Pay Ratio Disclosure

Our CEO to median employee pay ratio is approximately 80:1 and was calculated in accordance with Item 402(u) of Regulation S-K. We believe this ratio to be a reasonable estimate, based upon the assumptions and adjustments described below.

We identified the employee with compensation at the median of the annual total compensation of all of our employees (the “Median Employee”) by examining the calendar year total cash compensation between January 1, 2017 and December 31, 2017 (using December 31, 2017 as the “median employee determination date”), including salary or wages plus overtime paid, and any earned cash incentive compensation for 2017, for all individuals, excluding our CEO, who were employed by us (including our consolidated subsidiaries) on the median employee determination date, whether employed on a full-time, part-time, seasonal or temporary basis, subject to the application of the “de minimis” exemption as described below.

For employees paid other than in U.S. dollars, we converted their compensation to U.S. dollars using FX rates in effect on the median employee determination date.

For employees on a leave of absence, we calculated compensation on an annualized basis. However, we did not include employees absent on an unpaid leave of absence for the entire measurement period (i.e., all of 2017).

For employees hired between January 2, 2017 and the median employee determination date, we calculated their salary or wages as if they had been employed for the entire measurement period.
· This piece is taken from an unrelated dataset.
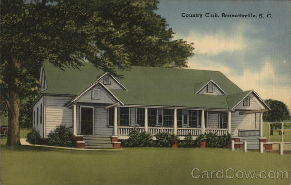 Front: Country Club, Bennettsville, S. C. Back: MADE IN U. S. A "TICHNOR QUALITY VIEWS" REG. U.S. PAT, OFF. MADE ONLY BY TICHNOR BROS., INC., BOSTON, MASS. 71398 PUBLISHED BY SPENCER'S GIFT SHOP, BENNETTSVILLE, SOUTH CAROLINA

The de minimis exemption allows us to exclude up to 5% of our total employees who are non-U.S. employees. Our total number of employees, including U.S. and non-U.S. employees, as of the median employee determination date was 4041, and we used this number to calculate the maximum number of employees excludable under the de minimis exemption. Accordingly, in identifying the median employee, we used the de minimis exemption to exclude the following approximate numbers of employees who are employed in the following countries:

 

Excluded Country

   Employee      Excluded Country    Employee      Excluded Country    Employee  

Argentina

     8      Hong Kong      2      Poland      2  

Austria

     14      Italy      22      Spain      16  

Belgium

     8      Japan      8      Sweden      3  

Chile

     4      Mexico      19      Taiwan      3  

China

     5      Netherlands      20      Thailand      5  

Ecuador

     2      New Zealand      6      United Arab Emirates      18  

Finland

     1      Philippines      5      Uruguay      12  

Greece

     2                              

We believe that it is reasonable to use the same median employee as the basis for the calculation because we have not had a change our employee population or compensation arrangements that we reasonably believe would result in a significant change in our pay ratio disclosure.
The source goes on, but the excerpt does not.